(GIVEN ENTRIES)
· · · · · · ·
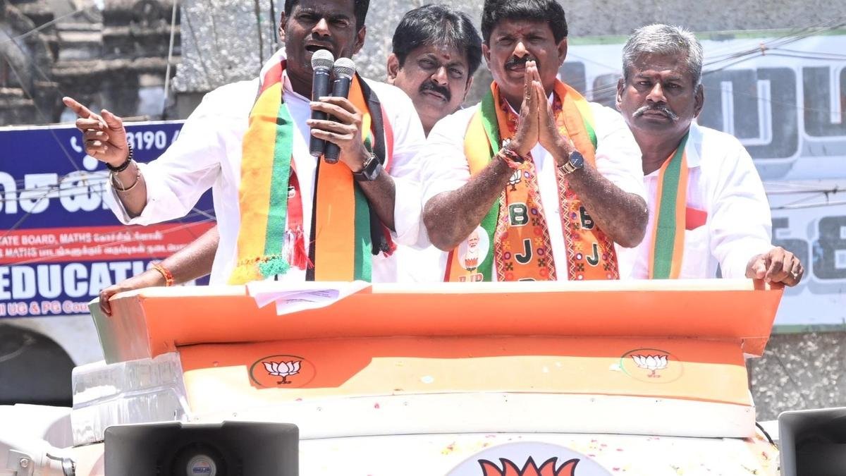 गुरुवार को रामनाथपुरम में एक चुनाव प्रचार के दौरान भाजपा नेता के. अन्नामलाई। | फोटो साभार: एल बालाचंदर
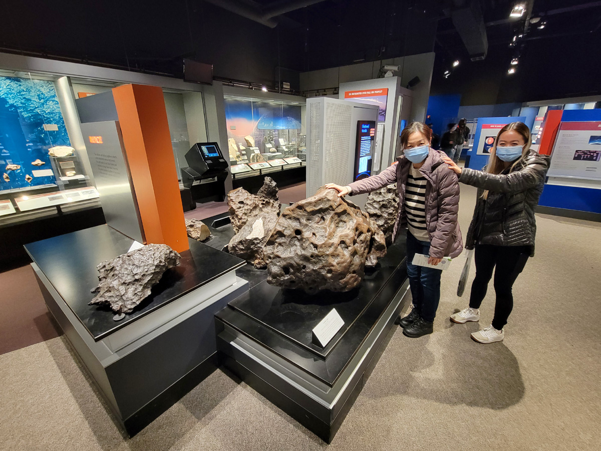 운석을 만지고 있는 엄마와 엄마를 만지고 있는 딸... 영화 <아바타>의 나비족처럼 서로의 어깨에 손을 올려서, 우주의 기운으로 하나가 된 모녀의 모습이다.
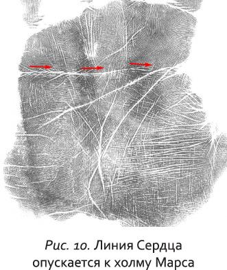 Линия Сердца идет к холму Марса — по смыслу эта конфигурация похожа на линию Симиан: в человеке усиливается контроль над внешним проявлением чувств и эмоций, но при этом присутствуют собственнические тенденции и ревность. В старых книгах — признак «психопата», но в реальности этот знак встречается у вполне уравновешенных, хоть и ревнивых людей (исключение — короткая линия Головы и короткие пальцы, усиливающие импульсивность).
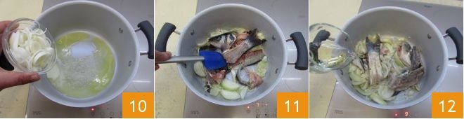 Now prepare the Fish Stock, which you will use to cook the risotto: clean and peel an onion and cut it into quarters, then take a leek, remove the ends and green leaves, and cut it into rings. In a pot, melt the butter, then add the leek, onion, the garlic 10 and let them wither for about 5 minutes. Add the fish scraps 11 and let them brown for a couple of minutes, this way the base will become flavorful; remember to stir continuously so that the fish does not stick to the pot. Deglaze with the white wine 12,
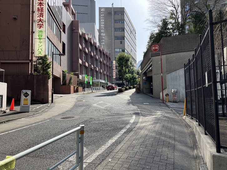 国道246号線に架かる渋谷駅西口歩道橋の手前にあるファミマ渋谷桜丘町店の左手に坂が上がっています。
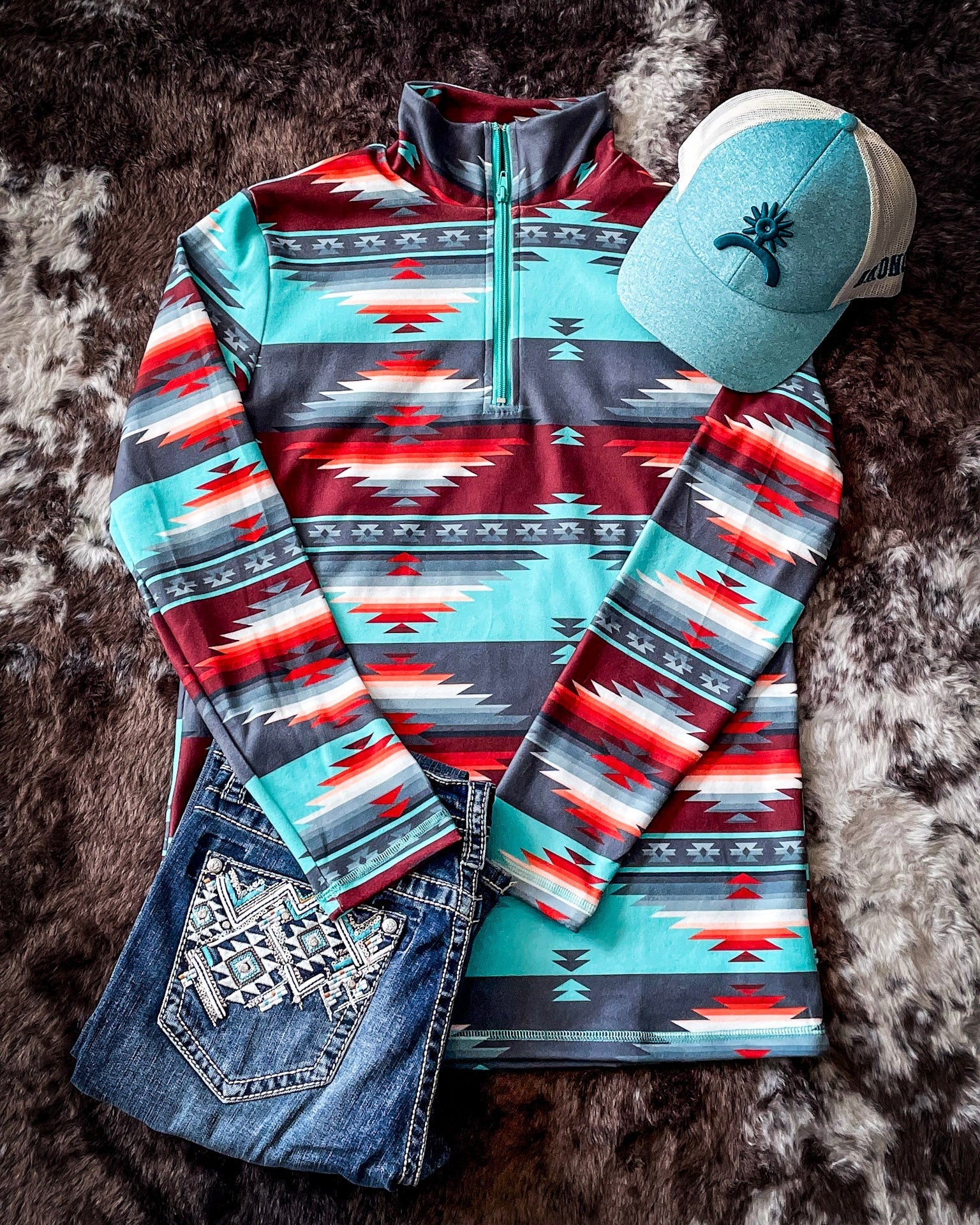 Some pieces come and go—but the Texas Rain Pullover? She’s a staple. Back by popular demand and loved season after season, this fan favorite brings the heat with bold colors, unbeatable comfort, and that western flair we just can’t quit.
· · · · · · ·
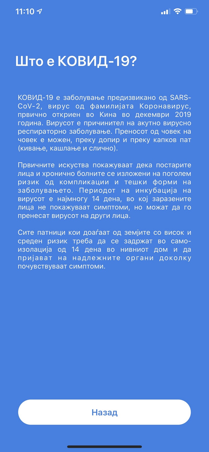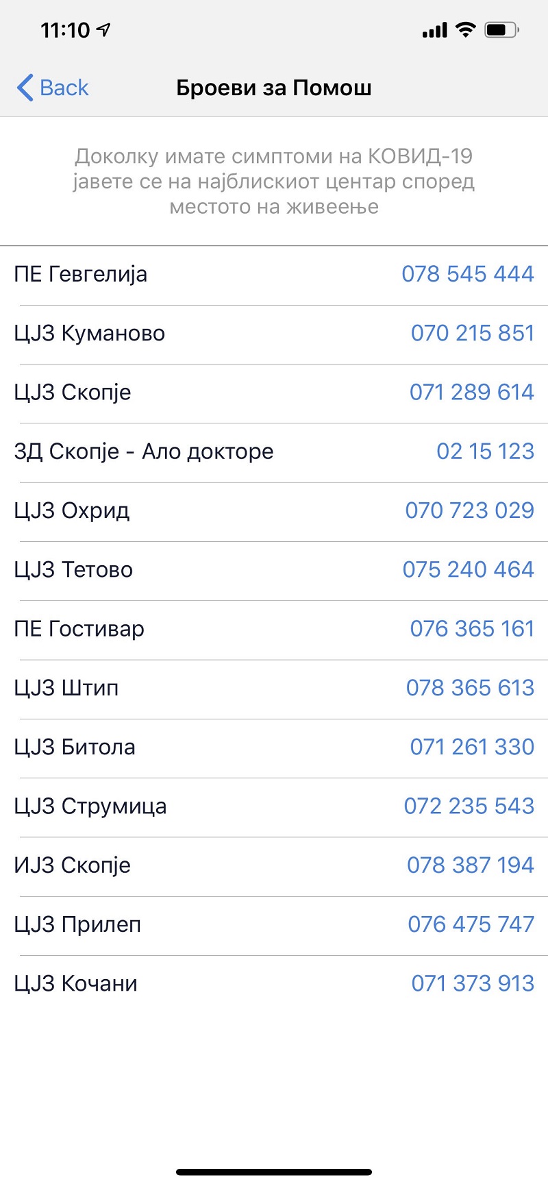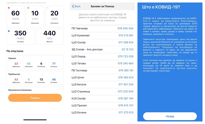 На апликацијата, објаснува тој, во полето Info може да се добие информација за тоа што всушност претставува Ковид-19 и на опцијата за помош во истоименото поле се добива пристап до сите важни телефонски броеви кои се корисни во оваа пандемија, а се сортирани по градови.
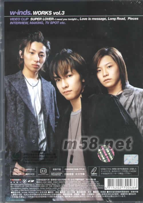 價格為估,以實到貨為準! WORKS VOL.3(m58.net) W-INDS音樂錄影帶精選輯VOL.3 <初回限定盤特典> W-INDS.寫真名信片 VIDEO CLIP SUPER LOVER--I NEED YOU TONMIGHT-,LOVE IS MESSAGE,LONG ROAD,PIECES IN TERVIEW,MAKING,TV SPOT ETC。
· · · · · · ·
(REQUIRED ACTION)
Starting with the line above that holds "На апликацијата, објаснува", restate each line word for word up to and including the line that holds "價格為估,以實到貨為準! WORKS VOL.3(m58.net)". Drop the pictures.

(ANSWER BELOW)
 На апликацијата, објаснува тој, во полето Info може да се добие информација за тоа што всушност претставува Ковид-19 и на опцијата за помош во истоименото поле се добива пристап до сите важни телефонски броеви кои се корисни во оваа пандемија, а се сортирани по градови.
 價格為估,以實到貨為準! WORKS VOL.3(m58.net) W-INDS音樂錄影帶精選輯VOL.3 <初回限定盤特典> W-INDS.寫真名信片 VIDEO CLIP SUPER LOVER--I NEED YOU TONMIGHT-,LOVE IS MESSAGE,LONG ROAD,PIECES IN TERVIEW,MAKING,TV SPOT ETC。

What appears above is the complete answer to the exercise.